Так размышляя, Цицерон еще не знает, что идет в сети, расставленные Цезарем. Он думает, что он перехитрил Цезаря. На самом деле Цезарь перехитрил его. Полководцу, занятому войной в Галлии, ничего другого и не надо, такая эволюция взглядов Цицерона его вполне устраивает.
Очень полезный документ! – подумал, наверно, Цезарь, получив вскоре от Цицерона «палинодию». Каково было содержание «палинодии»? Ничего конкретного мы тут не знаем. «Палинодия» – как объясняется в энциклопедии – это «литературное произведение, противоречащее по содержанию предыдущему произведению того же автора и опровергающее мнения и упреки, там содержавшиеся». Итак, Цицерон прислал Цезарю какую-то «палинодию», о которой упоминает в письмах к Аттику. Зверек понемногу приручается, – подумал Цезарь. – Не будем его пугать, Он начинает есть из рук.
Цицерон же изложил дело Аттику в таких словах:
«Нет, нет! Не думай, что какой-то иной читатель и чьи-то похвалы важней для меня, чем твои! Так почему же я известную тебе вещь послал сперва Цезарю? Уж очень он настаивал, а копии у меня не было. Поверь. К тому же (чтоб наконец-то проглотить горькую пилюлю, которую я слишком долго держу во рту), „палинодия“ эта была мне немного противна. Но я решил отказаться от прямолинейного, опирающегося на истину, честного поведения. Трудно поверить, сколько коварства кроется в людях, желающих стать лучшими из лучших, и они, пожалуй, могли бы исполнять эту роль, будь у них хоть немного характера. Я сам испытал это, убедился в этом, когда меня обманули, бросили и предали. Все же в вопросах политических я намеревался поддерживать их. К сожалению, они оказались такими же людьми, как всегда. Только под твоим влиянием я отчасти протрезвел. Ты скажешь, что хоть давал мне советы и указания, как поступать, но не побуждал доходить до того, чтобы писать подобные вещи. А я – клянусь богами! – хотел таким образом поставить себя перед необходимостью нового союза с Цезарем и сделать невозможным возврат к этим завистникам – ведь они не перестают мне завидовать даже теперь, когда скорее должны были бы сочувствовать. Во всяком случае, я пока был осмотрителен в разработке темы. Если Цезарь это примет благоприятно, а они будут недовольны, разовью ее шире… В общем, что говорить! Когда в сенате я выступал в их духе, они радовались, что я не согласен с Помпеем. Довольно! Раз люди, ничего не значащие, не желают меня поддерживать, буду добиваться поддержки людей, кое-что значащих. Ты скажешь, что давно этого хотел. Знаю, что ты хотел и что я был законченным ослом. Да, пора уже позаботиться самому о себе, если от них я не могу добиться любви никакими усилиями».
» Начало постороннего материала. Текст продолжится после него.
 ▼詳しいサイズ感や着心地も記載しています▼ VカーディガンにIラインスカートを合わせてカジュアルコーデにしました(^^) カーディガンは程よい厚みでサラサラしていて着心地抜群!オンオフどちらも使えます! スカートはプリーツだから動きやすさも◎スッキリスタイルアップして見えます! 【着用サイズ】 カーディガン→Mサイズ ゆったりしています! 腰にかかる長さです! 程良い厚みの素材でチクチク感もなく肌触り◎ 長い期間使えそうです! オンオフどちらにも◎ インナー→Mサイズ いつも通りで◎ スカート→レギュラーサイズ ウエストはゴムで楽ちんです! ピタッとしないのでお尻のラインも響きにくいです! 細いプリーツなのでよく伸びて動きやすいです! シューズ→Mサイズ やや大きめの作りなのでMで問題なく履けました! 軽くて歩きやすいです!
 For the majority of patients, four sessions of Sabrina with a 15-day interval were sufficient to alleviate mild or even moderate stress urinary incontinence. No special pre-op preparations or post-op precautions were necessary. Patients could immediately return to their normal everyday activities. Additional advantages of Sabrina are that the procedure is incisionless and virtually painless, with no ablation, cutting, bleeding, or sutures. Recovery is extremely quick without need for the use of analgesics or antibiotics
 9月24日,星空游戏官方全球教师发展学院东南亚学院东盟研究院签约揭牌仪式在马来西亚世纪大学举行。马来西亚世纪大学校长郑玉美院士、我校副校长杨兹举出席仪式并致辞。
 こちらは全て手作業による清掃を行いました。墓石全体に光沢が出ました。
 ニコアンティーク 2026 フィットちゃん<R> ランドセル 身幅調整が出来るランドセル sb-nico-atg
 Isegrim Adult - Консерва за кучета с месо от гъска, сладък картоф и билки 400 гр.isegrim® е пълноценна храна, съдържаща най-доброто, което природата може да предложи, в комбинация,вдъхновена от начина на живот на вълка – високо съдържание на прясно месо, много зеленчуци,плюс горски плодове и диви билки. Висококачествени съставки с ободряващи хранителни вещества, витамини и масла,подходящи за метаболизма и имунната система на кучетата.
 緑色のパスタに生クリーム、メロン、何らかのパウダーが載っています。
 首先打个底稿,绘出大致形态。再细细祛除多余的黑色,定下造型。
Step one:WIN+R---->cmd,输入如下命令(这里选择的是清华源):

Одновременно Цицерон пишет историку Лукцею и советует ему заняться в своем сочинении одной-единственной темой, а именно – поведать о достопамятном консульстве Цицерона, когда был обезврежен заговор Катилины и спасена цивилизация. Тогда труд, несомненно, выиграет в сжатости. Цицерон явно чувствует, насколько полезен был бы в этот момент выход в свет произведения, которое принесло бы ему больше чести, чем его «палинодия». И он оправдывается перед Аттиком еще так:
«Если я говорю о политике правду, меня считают безумцем. Если я заявляю то, что велит необходимость, слыву прислужником. Если молчу, говорят, что я дал себя сломить и прикончить. Вообрази, сколь это мне горько!»
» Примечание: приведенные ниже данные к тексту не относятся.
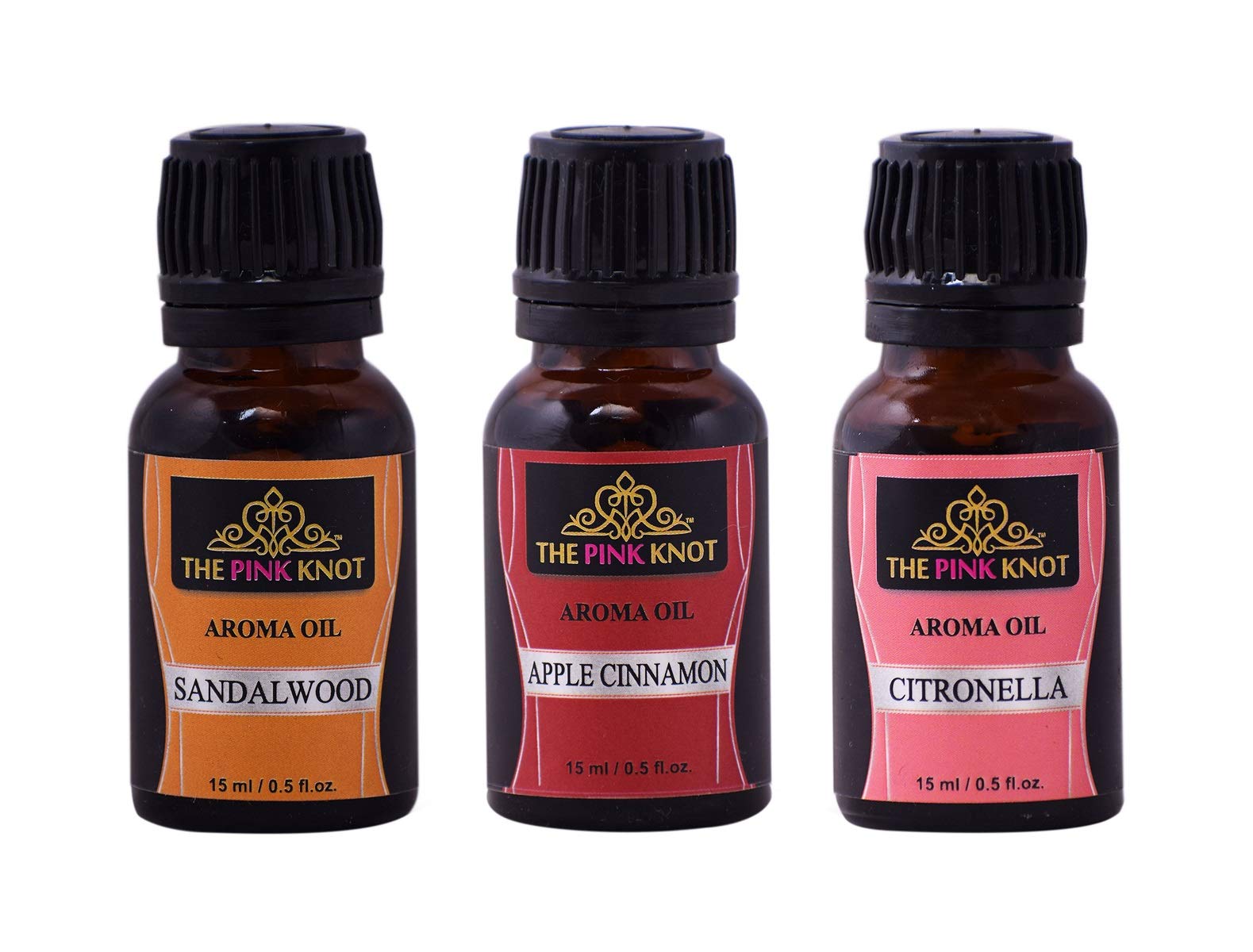 The Pink Knot Sandalwood Apple Cinnamon & Citronella set of three aromatic fragrant diffuser oil(15ml each)

Как бы то ни было, в ближайшие годы он заявляет «то, что велит необходимость». Он поддерживает триумвиров – Помпея, Цезаря и Красса – в то время фактических правителей государства. Впрочем, Помпея он поддерживал и раньше. Помпей, правда, не спас его от изгнания, зато потом, пользуясь своим влиянием, помог Цицерону вернуться в Рим. Обида предана забвению, теперь говорится о «признательности за благодеяние». Зато поворот к Цезарю явно вызван оппортунизмом, хотя Цицерон и здесь ищет более достойных объяснений. Ему ведь приходится не только голосовать за Цезаря в сенате, но и брать на себя вовсе уж неприятные функции, вроде судебной защиты Ватиния. Того самого Ватиния, которого Катулл считал ничтожной креатурой и которого сам Цицерон не так давно, перед другим судом, смешал с грязью. Да, подобную перемену взглядов философу нелегко оправдать! И пятидесятилетний эрудит заявляет: лишь теперь я узнал некие вещи, и то не из книг, а из опыта. Ну, а кроме того, – продолжает он, – загляните в Платона. Ведь сам Платон полагает, что проводить любые взгляды допустимо лишь в той мере, в какой удается переубедить сограждан. Он осуждает всякое навязывание взглядов силой. Так вот, взгляды римских граждан изменились быстрее, чем мои. Я только приспособился к среде. Многие люди, некогда противившиеся Цезарю, ныне его поддерживают. Останься я при прежних убеждениях и попробуй их навязывать другим, я поступил бы вопреки Платону.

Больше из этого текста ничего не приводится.